## Problem
All entries below are to be returned exactly, with pictures left out.

## Data for review
————————
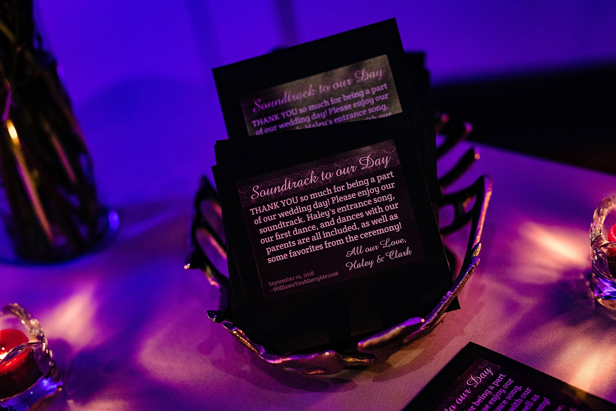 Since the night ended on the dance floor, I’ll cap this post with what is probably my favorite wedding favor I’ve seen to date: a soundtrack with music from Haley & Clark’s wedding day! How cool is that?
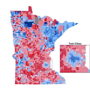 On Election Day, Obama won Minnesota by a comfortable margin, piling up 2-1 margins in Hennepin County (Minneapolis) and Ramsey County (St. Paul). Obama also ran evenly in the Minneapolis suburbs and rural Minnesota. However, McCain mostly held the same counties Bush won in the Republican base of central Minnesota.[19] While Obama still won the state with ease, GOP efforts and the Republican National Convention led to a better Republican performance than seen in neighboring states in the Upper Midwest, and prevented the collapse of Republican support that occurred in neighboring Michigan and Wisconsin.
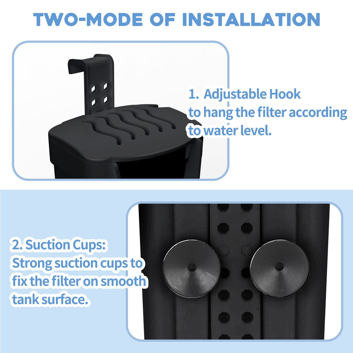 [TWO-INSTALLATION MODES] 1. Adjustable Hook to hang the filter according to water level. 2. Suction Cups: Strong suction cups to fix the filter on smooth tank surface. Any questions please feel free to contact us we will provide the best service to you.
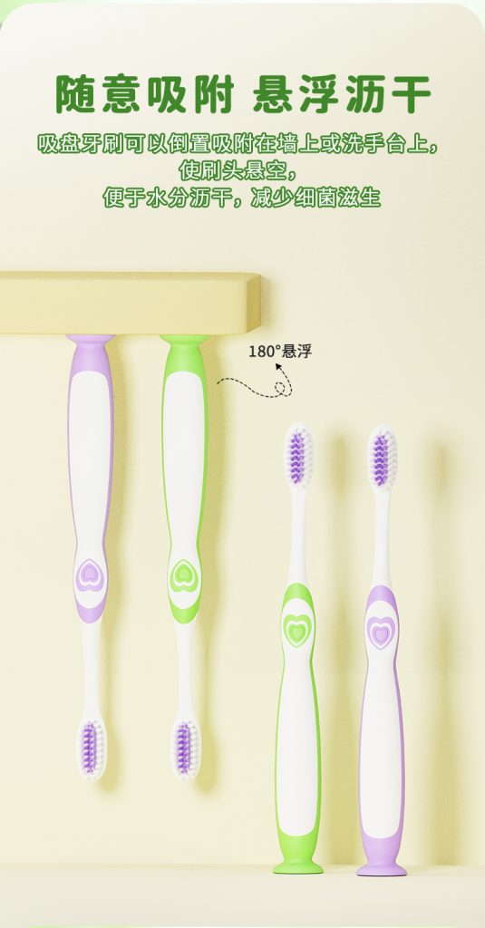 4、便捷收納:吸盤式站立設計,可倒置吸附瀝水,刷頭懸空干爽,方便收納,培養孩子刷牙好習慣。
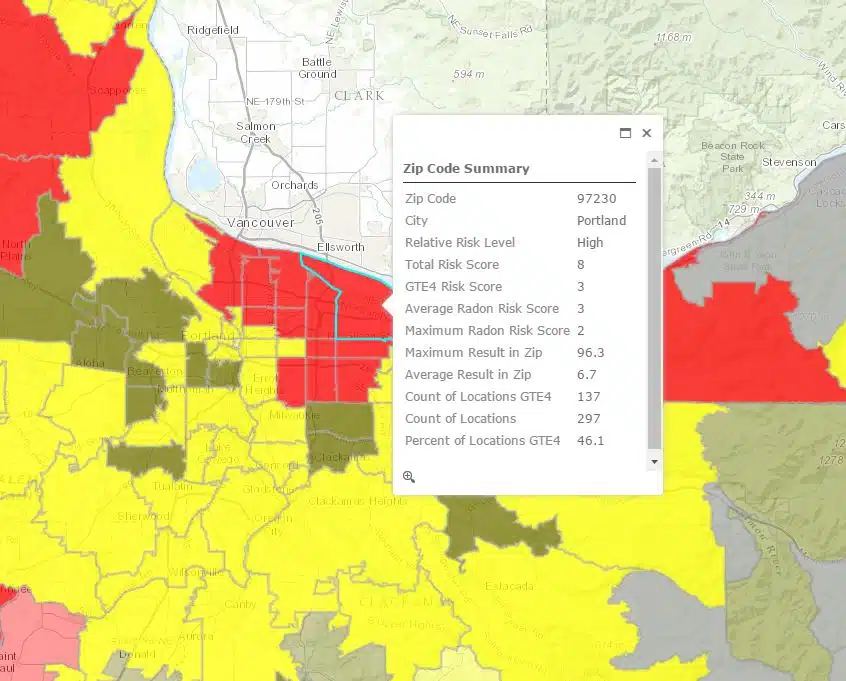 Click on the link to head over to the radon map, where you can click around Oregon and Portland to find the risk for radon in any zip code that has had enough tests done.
————————
## Response for this exercise
 Since the night ended on the dance floor, I’ll cap this post with what is probably my favorite wedding favor I’ve seen to date: a soundtrack with music from Haley & Clark’s wedding day! How cool is that?
 On Election Day, Obama won Minnesota by a comfortable margin, piling up 2-1 margins in Hennepin County (Minneapolis) and Ramsey County (St. Paul). Obama also ran evenly in the Minneapolis suburbs and rural Minnesota. However, McCain mostly held the same counties Bush won in the Republican base of central Minnesota.[19] While Obama still won the state with ease, GOP efforts and the Republican National Convention led to a better Republican performance than seen in neighboring states in the Upper Midwest, and prevented the collapse of Republican support that occurred in neighboring Michigan and Wisconsin.
 [TWO-INSTALLATION MODES] 1. Adjustable Hook to hang the filter according to water level. 2. Suction Cups: Strong suction cups to fix the filter on smooth tank surface. Any questions please feel free to contact us we will provide the best service to you.
 4、便捷收納:吸盤式站立設計,可倒置吸附瀝水,刷頭懸空干爽,方便收納,培養孩子刷牙好習慣。
 Click on the link to head over to the radon map, where you can click around Oregon and Portland to find the risk for radon in any zip code that has had enough tests done.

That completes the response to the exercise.